These models also have an flash memory attachment. The AD2's take Compact Flash and the WD1 take Secure Digital. The Secure Digital is a new flash memory and much more available in local stores. The Compact Flash is the older slower version and harder to find. The AD2 have a limit size on the CF they will take. But the 512mg is big enough for like a 600 pictures. and its cheap on line thru the major estores.

As good question is if you want to spend a lot more money for the ifrared flashes. But i've used these on the burst mode and have not seen anything so frightened that they run off in the sequential follow up pictures. But As deer tend to meander around for multiple pics and the coyotes are passing thru following the deer. you do not get many pics. And if they are passing thru, I do not think the flash is going to bother them either. But again I more interested in capturing the deer.

The wildview use just the SD cards and both the stealthcam and wildview cameras alllow a high size memory for the SD models. Again they are the same manufacturere The wildview is usually less expensive than the stealthcam.

I personal opinion is that the 1.3 up to 2.0 megapixel cams take good enough pictures for getting a good view of what's hitting the area. I've even used the lower resolution on the 2.0 camera to get more pictures in the memory. The PIR - motion sensor was comparable to both . I only did not like the WD1 camera because the flash was not long enough. The flash did not go out to the trigger point of the camera. I tried all kinds of setups - heights and angles, but nothing got the flash to work to the specs. The manufacturer did not know why and offered to replace it and they had no answer as to the below standard megapixel. I may have gotten a bad one. So you might get one where the 30 flash works and is sufficient. I can say that the AD2 with the 90 flash, will trigger at the 30 feet and let you what is 60 behind what triggered it. So is its winter time and coyotes are running in a loose pack, You will see the lead and the followers.

I have also got pictures of birds and squirrels. the trigger works on small body animals as well.

If you like to see the type pictures i've gotten with these two cams. I will gladly send or post here for those that would like to see the difference.
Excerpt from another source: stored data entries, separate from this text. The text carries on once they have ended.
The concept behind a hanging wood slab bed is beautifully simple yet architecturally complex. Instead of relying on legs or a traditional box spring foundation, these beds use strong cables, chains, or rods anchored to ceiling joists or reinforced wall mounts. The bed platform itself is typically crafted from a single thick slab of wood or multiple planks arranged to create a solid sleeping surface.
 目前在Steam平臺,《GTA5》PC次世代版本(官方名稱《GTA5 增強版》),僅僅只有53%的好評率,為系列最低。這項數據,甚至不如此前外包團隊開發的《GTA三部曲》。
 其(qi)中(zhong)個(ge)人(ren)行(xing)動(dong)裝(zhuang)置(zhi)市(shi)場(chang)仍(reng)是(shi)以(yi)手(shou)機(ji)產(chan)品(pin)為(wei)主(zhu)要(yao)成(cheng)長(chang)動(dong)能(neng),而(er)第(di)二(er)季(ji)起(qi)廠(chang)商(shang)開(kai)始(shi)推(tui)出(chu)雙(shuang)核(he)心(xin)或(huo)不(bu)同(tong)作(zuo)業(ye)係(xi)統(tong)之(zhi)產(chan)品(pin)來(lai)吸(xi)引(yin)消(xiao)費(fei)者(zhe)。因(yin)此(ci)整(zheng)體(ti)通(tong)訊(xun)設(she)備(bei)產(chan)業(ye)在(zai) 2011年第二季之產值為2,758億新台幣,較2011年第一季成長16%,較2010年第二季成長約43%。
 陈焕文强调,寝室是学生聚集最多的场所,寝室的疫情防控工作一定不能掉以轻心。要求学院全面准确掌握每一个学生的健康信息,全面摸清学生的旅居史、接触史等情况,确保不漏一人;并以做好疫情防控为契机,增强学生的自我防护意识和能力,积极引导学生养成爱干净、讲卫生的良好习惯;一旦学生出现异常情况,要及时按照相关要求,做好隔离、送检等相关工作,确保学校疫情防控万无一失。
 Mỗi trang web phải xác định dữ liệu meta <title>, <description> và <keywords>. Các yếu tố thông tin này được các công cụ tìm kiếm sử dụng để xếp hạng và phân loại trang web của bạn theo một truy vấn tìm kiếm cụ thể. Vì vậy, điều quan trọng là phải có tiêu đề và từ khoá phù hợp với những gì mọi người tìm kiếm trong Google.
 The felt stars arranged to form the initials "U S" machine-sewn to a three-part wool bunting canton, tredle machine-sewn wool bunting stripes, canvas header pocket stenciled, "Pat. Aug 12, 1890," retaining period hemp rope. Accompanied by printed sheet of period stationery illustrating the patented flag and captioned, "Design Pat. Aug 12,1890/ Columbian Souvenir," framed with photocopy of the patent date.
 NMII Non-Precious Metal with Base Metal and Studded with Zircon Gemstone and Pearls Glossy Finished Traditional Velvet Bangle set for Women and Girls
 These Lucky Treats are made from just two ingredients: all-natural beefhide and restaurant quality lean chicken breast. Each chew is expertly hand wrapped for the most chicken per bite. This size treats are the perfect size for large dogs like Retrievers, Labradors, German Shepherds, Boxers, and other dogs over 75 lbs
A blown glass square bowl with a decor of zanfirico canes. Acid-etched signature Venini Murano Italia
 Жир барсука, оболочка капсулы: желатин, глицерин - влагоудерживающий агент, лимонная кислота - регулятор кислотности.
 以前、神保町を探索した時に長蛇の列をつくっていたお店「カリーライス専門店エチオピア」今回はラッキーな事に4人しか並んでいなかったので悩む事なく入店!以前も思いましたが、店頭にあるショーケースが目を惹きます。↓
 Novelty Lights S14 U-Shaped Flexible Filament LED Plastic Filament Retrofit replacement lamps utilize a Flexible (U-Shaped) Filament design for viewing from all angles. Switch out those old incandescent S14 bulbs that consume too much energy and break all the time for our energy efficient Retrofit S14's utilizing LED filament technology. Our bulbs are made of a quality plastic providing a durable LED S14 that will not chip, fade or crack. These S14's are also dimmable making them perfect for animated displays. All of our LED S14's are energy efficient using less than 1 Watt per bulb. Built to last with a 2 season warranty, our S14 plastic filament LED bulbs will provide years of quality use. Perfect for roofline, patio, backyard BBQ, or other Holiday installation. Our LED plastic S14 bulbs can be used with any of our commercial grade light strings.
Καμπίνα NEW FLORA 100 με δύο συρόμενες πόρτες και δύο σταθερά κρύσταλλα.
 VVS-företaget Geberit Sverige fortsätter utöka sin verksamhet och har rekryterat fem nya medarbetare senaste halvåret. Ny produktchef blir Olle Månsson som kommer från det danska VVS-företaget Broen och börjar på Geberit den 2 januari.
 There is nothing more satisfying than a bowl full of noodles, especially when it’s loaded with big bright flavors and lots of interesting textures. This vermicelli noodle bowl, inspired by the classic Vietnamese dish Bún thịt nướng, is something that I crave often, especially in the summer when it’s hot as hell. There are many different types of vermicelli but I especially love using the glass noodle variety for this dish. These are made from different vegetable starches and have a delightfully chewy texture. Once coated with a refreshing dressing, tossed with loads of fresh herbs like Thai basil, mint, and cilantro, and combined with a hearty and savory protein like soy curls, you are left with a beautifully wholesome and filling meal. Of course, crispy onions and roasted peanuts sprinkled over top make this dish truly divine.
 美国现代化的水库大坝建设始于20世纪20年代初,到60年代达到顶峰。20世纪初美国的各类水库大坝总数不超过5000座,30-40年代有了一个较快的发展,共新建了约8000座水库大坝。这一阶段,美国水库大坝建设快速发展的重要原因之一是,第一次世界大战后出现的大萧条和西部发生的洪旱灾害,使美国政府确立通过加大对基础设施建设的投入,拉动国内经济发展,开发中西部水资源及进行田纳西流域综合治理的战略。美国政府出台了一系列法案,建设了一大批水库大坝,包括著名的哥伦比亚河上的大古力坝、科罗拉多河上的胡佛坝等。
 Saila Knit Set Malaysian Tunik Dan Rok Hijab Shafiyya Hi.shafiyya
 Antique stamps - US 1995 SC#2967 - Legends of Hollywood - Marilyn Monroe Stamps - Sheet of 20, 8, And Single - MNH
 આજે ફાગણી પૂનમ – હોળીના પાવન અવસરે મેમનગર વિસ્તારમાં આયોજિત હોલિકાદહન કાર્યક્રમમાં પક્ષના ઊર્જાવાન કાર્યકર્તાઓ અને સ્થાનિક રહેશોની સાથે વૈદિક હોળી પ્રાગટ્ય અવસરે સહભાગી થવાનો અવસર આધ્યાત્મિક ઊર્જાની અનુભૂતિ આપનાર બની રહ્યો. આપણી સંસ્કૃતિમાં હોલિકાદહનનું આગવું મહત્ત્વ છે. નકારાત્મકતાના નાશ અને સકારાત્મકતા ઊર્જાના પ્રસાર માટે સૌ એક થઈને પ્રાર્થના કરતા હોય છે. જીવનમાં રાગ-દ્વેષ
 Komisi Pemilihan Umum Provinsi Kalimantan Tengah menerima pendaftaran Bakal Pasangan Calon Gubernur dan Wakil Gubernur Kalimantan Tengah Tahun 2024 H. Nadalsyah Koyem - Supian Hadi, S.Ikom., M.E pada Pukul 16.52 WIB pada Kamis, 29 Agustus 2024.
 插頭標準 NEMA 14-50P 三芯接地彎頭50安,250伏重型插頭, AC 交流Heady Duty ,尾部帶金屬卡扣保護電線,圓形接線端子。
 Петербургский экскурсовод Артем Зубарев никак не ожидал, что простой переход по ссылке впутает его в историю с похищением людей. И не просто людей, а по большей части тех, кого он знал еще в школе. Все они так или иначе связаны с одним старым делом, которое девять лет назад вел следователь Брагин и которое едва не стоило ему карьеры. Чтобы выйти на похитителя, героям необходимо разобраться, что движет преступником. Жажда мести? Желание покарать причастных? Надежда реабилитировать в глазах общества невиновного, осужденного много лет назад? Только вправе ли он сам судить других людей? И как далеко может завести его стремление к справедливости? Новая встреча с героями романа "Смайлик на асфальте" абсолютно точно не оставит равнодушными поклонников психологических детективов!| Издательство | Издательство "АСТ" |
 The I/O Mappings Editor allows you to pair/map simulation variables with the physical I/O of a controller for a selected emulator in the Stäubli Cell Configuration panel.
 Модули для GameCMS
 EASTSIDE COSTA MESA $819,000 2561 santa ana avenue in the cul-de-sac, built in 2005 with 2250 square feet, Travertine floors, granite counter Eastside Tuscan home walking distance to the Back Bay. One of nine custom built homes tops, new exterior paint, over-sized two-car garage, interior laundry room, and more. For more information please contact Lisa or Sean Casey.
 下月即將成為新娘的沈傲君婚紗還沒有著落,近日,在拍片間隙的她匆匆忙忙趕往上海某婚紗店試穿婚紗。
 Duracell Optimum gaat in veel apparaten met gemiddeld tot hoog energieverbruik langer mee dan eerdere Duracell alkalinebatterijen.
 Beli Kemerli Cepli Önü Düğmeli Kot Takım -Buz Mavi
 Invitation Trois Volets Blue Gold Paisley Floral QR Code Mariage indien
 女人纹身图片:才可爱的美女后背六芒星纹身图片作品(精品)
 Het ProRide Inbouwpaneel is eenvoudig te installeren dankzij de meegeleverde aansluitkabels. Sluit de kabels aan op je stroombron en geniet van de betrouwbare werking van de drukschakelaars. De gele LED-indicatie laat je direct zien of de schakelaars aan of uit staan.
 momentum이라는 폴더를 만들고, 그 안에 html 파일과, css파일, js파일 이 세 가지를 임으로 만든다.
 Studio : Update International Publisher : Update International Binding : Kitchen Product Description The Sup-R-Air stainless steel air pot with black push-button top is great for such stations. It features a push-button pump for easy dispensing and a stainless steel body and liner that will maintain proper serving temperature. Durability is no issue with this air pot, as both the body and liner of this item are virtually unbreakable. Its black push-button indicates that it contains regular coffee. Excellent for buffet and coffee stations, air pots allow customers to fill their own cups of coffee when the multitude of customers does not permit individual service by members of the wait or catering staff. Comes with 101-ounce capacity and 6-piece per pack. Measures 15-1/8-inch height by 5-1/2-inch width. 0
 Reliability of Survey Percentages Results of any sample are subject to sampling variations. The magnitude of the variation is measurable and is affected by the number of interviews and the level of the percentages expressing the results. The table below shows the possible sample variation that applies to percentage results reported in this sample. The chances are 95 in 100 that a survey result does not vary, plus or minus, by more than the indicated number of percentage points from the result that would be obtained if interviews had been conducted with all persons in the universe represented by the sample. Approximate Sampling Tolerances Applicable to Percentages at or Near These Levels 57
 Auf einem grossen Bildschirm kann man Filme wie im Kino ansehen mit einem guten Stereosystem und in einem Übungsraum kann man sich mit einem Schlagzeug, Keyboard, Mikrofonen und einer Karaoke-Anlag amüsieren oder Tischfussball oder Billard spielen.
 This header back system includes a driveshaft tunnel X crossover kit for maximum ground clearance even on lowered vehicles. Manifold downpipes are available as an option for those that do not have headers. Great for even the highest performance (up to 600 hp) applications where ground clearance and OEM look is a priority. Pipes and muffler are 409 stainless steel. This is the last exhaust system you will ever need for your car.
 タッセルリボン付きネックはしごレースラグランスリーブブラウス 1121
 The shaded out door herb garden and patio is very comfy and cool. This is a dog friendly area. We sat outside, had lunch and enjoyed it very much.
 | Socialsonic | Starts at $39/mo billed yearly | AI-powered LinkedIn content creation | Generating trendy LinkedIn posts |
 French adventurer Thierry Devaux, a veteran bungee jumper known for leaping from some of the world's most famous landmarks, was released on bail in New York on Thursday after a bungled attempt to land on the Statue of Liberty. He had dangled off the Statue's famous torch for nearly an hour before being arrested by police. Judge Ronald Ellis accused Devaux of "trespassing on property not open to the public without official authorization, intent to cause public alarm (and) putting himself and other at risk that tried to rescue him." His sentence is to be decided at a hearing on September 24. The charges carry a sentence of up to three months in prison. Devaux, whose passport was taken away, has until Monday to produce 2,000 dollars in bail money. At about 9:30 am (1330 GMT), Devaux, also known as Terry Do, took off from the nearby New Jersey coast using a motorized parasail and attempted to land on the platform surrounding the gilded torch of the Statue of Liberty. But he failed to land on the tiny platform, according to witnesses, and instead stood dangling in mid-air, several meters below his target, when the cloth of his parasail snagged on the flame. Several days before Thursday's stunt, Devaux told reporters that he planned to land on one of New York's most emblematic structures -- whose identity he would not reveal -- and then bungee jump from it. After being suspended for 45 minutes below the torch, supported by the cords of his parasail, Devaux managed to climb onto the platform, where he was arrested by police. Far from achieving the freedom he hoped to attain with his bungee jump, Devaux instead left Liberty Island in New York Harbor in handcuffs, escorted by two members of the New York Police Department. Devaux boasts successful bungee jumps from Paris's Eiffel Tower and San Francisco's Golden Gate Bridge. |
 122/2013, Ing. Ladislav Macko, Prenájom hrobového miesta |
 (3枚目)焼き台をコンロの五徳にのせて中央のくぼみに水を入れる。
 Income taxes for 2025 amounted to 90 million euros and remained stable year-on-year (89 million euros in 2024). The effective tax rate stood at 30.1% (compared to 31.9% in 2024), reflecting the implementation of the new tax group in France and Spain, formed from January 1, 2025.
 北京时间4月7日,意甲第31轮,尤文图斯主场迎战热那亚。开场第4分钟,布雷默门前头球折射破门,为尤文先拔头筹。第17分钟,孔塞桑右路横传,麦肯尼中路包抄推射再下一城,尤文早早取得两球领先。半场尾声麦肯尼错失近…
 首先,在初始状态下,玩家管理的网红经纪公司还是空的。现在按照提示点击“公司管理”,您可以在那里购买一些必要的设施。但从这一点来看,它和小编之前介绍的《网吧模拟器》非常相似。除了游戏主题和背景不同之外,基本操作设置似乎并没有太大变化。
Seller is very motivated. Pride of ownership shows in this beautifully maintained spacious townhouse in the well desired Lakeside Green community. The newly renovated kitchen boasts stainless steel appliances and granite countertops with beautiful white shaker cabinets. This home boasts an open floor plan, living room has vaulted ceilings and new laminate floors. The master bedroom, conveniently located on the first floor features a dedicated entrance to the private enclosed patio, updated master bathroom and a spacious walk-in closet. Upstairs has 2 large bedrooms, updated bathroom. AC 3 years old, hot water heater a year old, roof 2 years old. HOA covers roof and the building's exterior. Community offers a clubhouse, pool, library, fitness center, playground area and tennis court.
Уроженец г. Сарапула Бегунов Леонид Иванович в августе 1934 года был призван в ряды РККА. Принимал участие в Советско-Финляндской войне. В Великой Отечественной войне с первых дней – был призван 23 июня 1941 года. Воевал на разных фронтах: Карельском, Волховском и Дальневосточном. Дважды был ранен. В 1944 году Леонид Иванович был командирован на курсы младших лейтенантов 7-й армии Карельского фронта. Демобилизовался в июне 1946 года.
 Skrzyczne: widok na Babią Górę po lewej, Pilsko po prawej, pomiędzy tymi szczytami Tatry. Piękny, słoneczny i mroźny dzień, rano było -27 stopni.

One more note, If you are placing this in a dense area on a run, then the 12 foot flash would be sufficient, my particuliar placement was in an overgrown field under a couple old apple trees.

Hope this helps with the cam questions and specifications - I know its deficient on the actual coyote information.


----------



## poutpro (Mar 8, 2006)

lets see the pics


----------



## WIUHunter (Jan 26, 2007)

SHA,
Thanks for the very thourough answer. It was alot of info to absorb and i've been checking out a few different ones.
So let me narrow this down a bit. Best deal for $100 or under bucks... digital of course.
I'd also be very interested to see the pics from the AD2 if you have at night i'd like to see how it does especially.

If anyone else has an opinion feel free to share it
Cheers


----------



## bigpuddin43 (Feb 13, 2007)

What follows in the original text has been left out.